INSTRUCTIONS FOR THE TASK. No pictures, please. Output the lines from the start of the data through the line that contains "The Gateway Care", both included, exactly as they stand.

PROVIDED DATA.
======

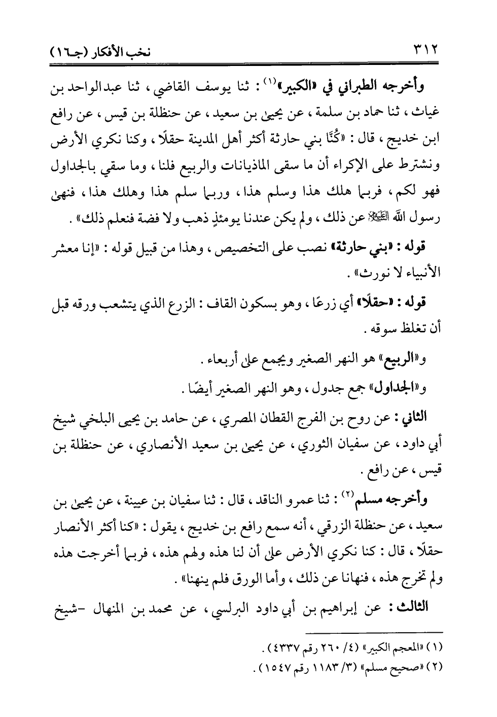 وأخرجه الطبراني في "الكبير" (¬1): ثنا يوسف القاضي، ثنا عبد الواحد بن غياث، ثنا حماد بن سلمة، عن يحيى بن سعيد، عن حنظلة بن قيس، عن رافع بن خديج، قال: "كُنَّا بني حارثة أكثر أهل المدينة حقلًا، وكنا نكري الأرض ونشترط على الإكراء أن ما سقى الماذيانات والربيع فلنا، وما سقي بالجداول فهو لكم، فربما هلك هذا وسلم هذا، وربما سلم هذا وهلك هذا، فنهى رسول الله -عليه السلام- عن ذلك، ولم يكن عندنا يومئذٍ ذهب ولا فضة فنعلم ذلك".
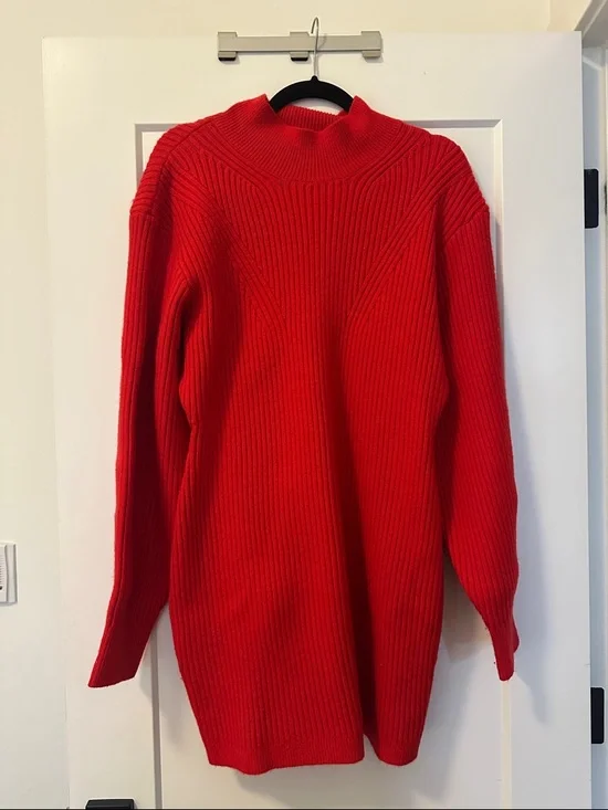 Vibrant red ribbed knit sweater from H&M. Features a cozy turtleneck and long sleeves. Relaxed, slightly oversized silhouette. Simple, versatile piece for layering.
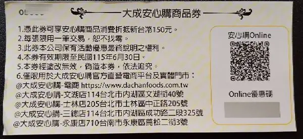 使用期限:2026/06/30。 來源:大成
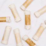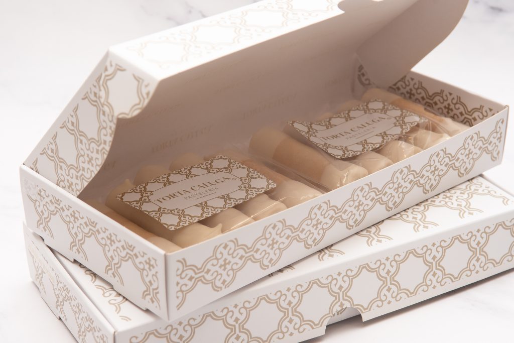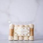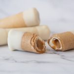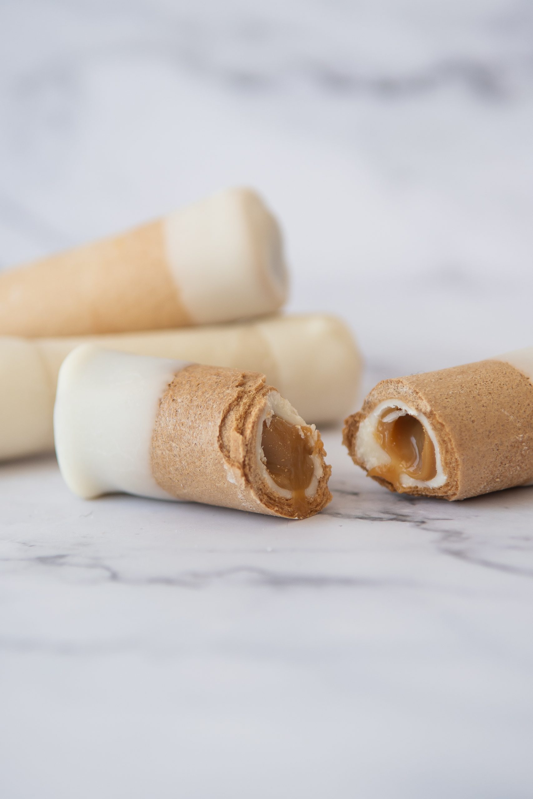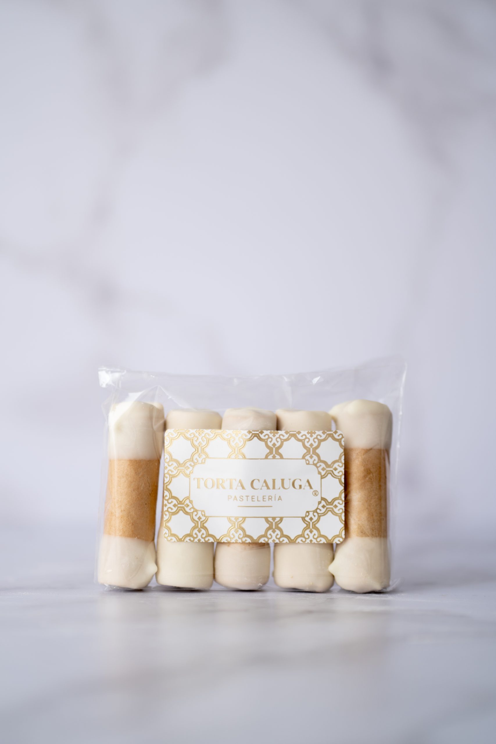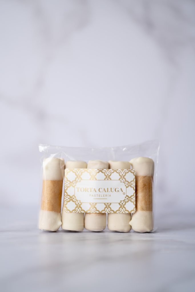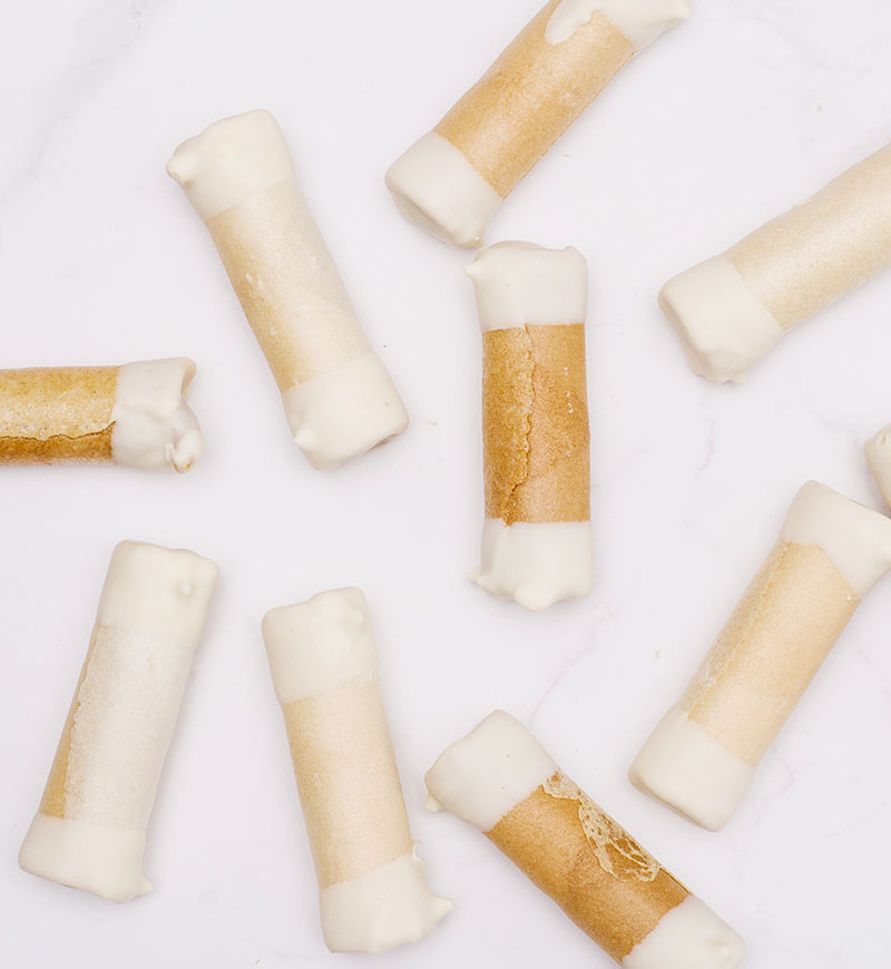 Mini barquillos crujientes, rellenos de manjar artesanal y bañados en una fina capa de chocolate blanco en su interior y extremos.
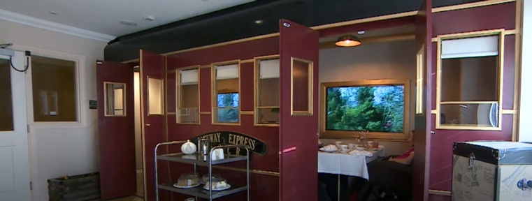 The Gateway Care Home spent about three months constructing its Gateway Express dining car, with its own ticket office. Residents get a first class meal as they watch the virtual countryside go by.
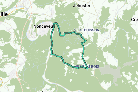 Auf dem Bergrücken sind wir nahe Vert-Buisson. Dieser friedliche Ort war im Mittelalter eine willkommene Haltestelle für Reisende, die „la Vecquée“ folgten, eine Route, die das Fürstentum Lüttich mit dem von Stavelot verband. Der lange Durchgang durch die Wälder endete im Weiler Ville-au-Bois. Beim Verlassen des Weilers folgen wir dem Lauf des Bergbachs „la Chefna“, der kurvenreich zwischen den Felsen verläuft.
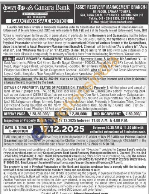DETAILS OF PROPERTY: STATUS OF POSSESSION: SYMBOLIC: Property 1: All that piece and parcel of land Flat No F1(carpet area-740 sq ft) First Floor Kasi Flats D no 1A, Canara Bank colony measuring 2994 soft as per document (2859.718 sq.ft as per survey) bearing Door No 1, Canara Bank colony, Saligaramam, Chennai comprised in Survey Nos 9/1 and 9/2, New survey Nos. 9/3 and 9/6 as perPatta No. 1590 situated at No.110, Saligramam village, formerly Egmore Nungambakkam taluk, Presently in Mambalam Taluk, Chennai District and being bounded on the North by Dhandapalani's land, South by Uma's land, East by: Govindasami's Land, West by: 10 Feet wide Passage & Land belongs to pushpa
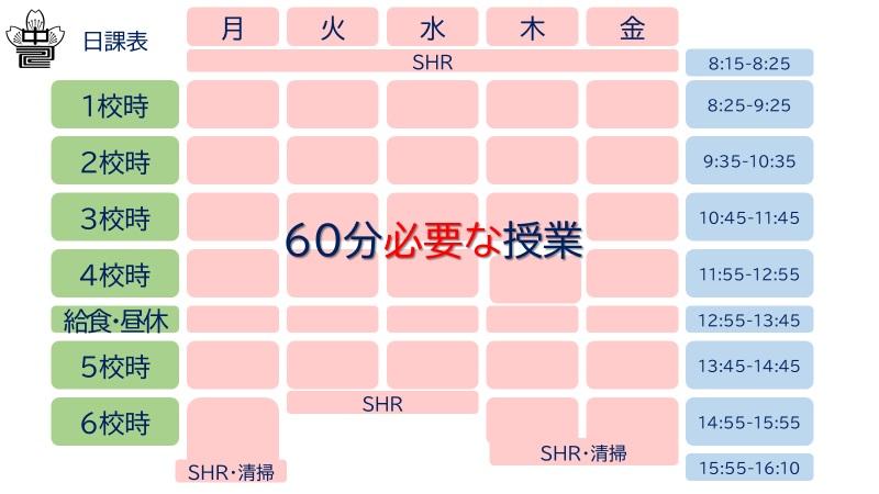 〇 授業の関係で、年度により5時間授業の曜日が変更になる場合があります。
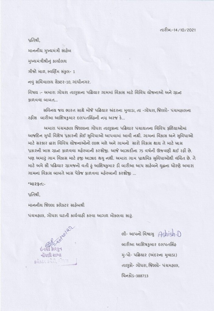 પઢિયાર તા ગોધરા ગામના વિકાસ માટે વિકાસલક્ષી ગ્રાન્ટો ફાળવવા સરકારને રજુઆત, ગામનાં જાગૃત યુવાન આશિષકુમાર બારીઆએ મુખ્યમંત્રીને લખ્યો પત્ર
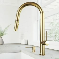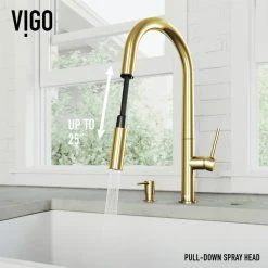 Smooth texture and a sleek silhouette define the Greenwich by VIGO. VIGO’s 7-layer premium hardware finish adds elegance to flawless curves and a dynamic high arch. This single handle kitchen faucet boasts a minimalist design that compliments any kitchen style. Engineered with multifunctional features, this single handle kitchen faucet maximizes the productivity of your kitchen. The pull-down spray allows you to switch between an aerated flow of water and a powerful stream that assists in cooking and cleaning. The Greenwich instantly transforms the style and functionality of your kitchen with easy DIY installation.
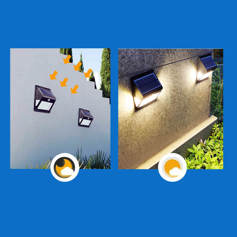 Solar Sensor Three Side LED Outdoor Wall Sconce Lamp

======

RESPONSE FOR THIS EXERCISE.
 وأخرجه الطبراني في "الكبير" (¬1): ثنا يوسف القاضي، ثنا عبد الواحد بن غياث، ثنا حماد بن سلمة، عن يحيى بن سعيد، عن حنظلة بن قيس، عن رافع بن خديج، قال: "كُنَّا بني حارثة أكثر أهل المدينة حقلًا، وكنا نكري الأرض ونشترط على الإكراء أن ما سقى الماذيانات والربيع فلنا، وما سقي بالجداول فهو لكم، فربما هلك هذا وسلم هذا، وربما سلم هذا وهلك هذا، فنهى رسول الله -عليه السلام- عن ذلك، ولم يكن عندنا يومئذٍ ذهب ولا فضة فنعلم ذلك".
 Vibrant red ribbed knit sweater from H&M. Features a cozy turtleneck and long sleeves. Relaxed, slightly oversized silhouette. Simple, versatile piece for layering.
 使用期限:2026/06/30。 來源:大成
 Mini barquillos crujientes, rellenos de manjar artesanal y bañados en una fina capa de chocolate blanco en su interior y extremos.
 The Gateway Care Home spent about three months constructing its Gateway Express dining car, with its own ticket office. Residents get a first class meal as they watch the virtual countryside go by.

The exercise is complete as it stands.